■ **DATA PROVIDED**

_ _ _ _

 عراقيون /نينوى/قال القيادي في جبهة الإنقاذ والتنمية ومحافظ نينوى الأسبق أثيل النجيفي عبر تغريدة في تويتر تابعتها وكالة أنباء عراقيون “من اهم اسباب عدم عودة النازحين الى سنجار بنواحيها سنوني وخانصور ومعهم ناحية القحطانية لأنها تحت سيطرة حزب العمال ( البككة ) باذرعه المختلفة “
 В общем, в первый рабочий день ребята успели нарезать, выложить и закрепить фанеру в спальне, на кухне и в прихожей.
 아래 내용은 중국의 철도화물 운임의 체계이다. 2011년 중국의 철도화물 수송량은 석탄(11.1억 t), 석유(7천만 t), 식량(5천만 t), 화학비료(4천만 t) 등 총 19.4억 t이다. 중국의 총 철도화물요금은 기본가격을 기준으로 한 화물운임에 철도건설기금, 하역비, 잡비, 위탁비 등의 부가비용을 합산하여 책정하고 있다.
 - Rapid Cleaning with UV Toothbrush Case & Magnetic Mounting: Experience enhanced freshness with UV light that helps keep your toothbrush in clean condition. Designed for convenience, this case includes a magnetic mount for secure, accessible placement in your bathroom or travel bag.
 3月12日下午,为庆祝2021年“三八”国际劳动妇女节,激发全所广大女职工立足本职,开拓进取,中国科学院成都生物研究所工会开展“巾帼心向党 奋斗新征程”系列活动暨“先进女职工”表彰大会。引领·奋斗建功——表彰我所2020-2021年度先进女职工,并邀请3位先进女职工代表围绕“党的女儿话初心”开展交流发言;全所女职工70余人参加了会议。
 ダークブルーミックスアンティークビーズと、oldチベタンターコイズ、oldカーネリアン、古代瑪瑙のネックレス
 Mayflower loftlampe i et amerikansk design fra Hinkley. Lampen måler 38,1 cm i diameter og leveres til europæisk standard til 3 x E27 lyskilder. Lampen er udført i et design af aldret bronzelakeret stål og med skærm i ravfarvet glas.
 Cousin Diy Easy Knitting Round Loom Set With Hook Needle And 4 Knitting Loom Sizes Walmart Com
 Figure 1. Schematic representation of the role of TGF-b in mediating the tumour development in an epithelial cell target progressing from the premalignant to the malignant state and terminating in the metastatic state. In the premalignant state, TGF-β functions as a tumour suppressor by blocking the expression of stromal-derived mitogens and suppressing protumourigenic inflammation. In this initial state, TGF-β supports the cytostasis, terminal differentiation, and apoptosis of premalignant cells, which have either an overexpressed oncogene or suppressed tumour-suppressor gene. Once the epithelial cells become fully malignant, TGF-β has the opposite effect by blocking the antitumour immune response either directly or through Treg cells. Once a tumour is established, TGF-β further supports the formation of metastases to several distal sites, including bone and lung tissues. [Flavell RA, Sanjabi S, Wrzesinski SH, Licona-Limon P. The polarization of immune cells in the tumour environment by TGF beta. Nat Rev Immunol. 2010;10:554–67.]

_ _ _ _

■ **DIRECTIONS FOR THIS TASK**
Your task for the entries above: copy exactly the span starting with the line with "Mayflower loftlampe i" and going on through the line with "Cousin Diy Easy", both lines included, and nothing else.

■ **RESPONSE TO THE TASK**
 Mayflower loftlampe i et amerikansk design fra Hinkley. Lampen måler 38,1 cm i diameter og leveres til europæisk standard til 3 x E27 lyskilder. Lampen er udført i et design af aldret bronzelakeret stål og med skærm i ravfarvet glas.
 Cousin Diy Easy Knitting Round Loom Set With Hook Needle And 4 Knitting Loom Sizes Walmart Com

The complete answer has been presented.